Data excerpts:
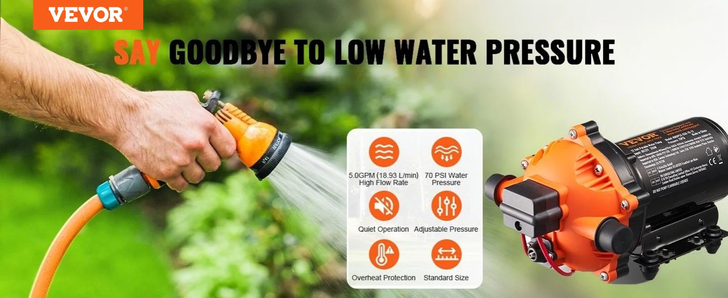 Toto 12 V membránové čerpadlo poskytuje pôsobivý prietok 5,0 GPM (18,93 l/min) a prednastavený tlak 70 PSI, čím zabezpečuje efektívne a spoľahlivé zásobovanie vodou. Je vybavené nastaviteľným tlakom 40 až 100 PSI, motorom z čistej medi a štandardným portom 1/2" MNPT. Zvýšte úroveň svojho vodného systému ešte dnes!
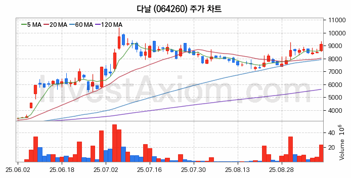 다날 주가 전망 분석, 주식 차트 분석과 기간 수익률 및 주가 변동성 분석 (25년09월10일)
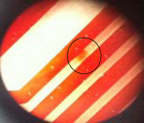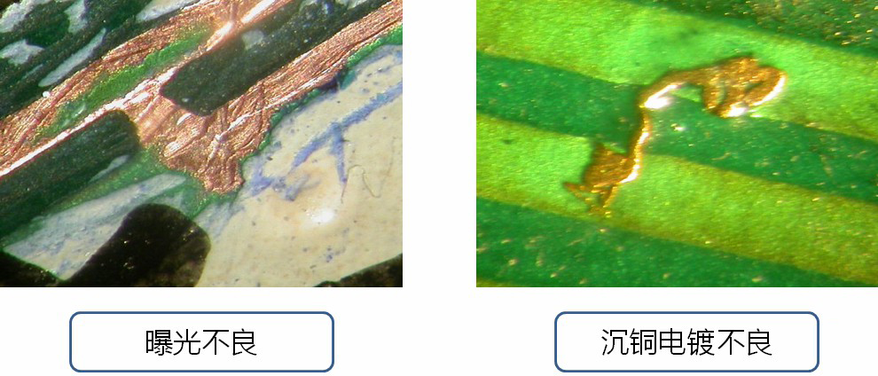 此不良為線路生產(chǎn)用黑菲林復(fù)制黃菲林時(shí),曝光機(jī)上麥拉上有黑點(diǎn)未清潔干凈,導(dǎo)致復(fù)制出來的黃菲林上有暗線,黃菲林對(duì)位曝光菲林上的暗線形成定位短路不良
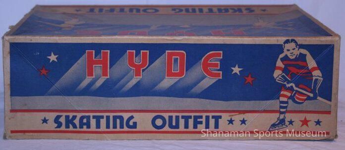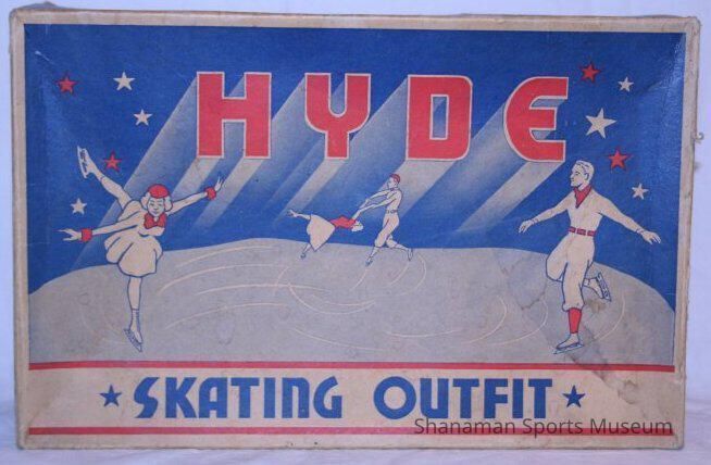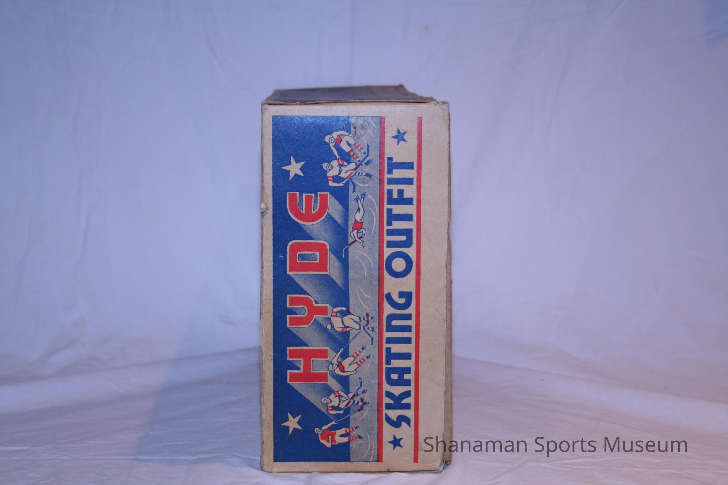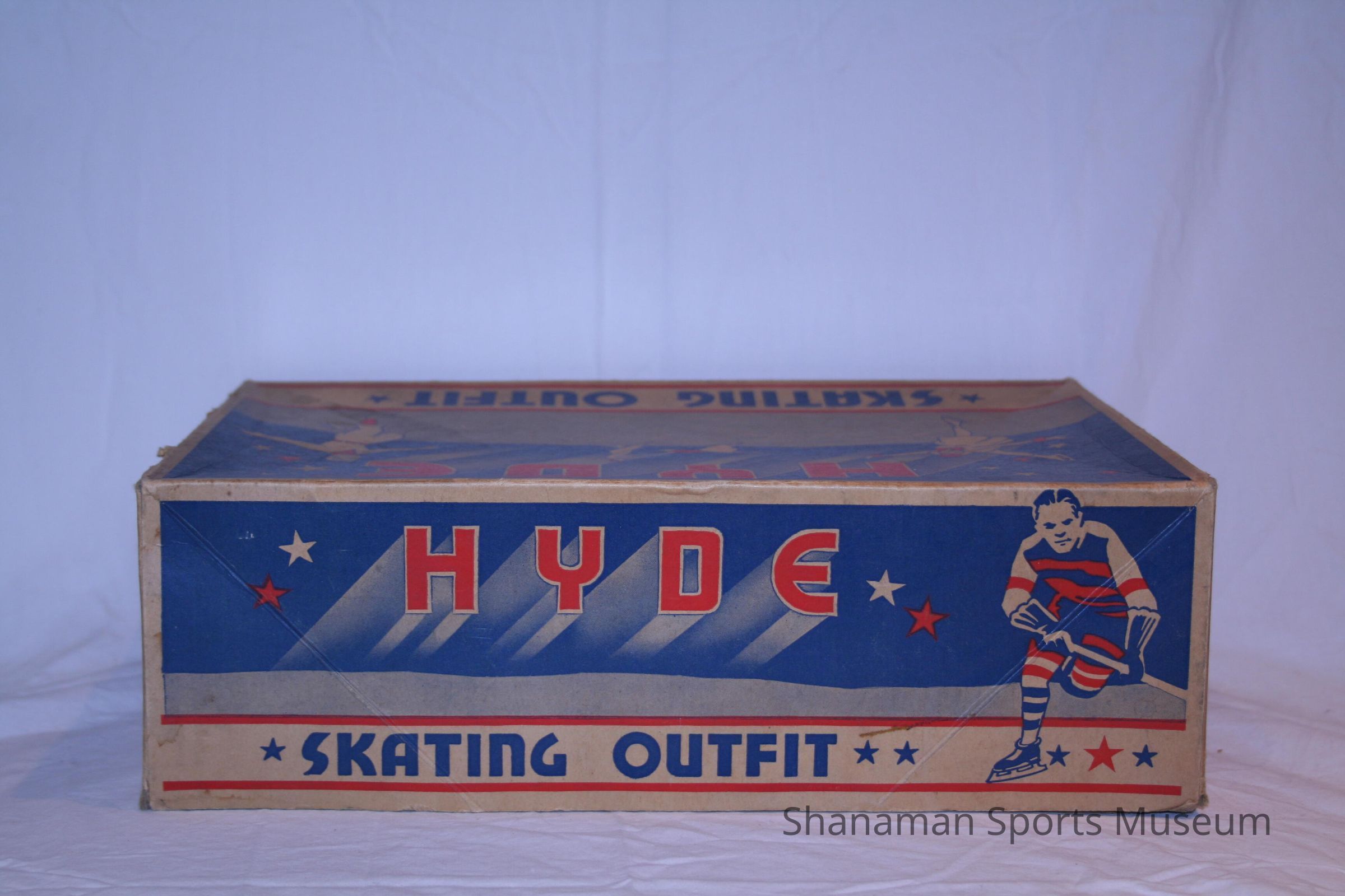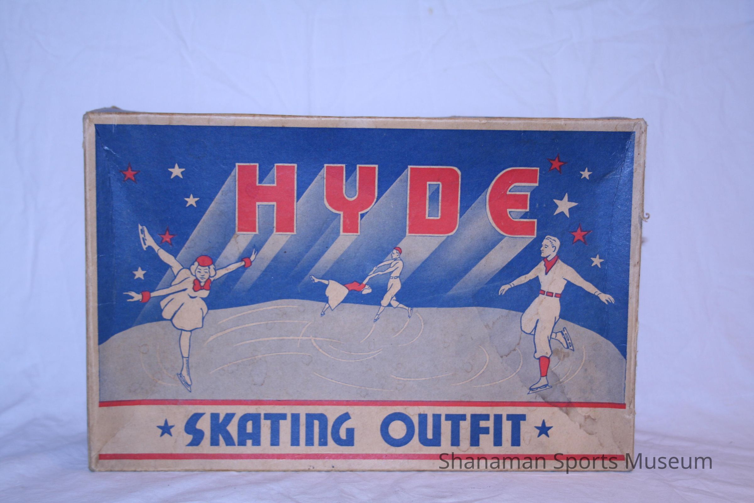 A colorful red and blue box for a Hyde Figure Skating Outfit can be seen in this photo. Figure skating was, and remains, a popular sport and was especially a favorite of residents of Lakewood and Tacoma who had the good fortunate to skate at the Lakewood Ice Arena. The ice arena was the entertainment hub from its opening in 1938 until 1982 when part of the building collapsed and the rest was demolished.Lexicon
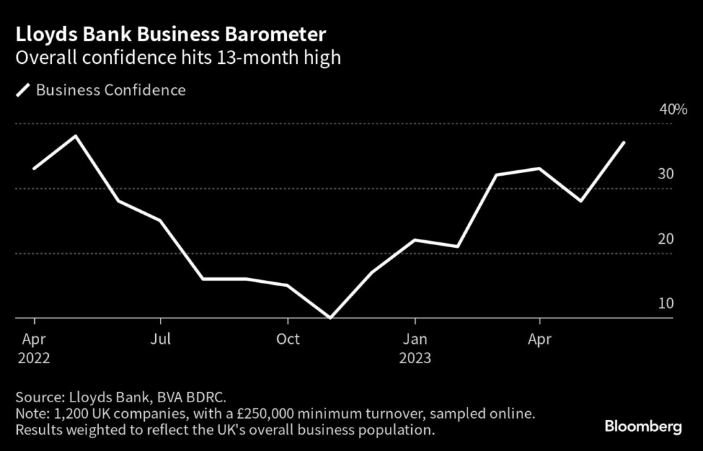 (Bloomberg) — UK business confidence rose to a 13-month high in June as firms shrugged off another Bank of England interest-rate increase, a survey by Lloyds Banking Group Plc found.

EXERCISE OBJECTIVE: Both the line above containing "다날 주가 전망 분석, 주식" and the line containing "此不良為線路生產(chǎn)" belong in the copy, along with every line between them; print these exactly and omit the pictures.

WORKED SOLUTION:
 다날 주가 전망 분석, 주식 차트 분석과 기간 수익률 및 주가 변동성 분석 (25년09월10일)
 此不良為線路生產(chǎn)用黑菲林復(fù)制黃菲林時(shí),曝光機(jī)上麥拉上有黑點(diǎn)未清潔干凈,導(dǎo)致復(fù)制出來的黃菲林上有暗線,黃菲林對(duì)位曝光菲林上的暗線形成定位短路不良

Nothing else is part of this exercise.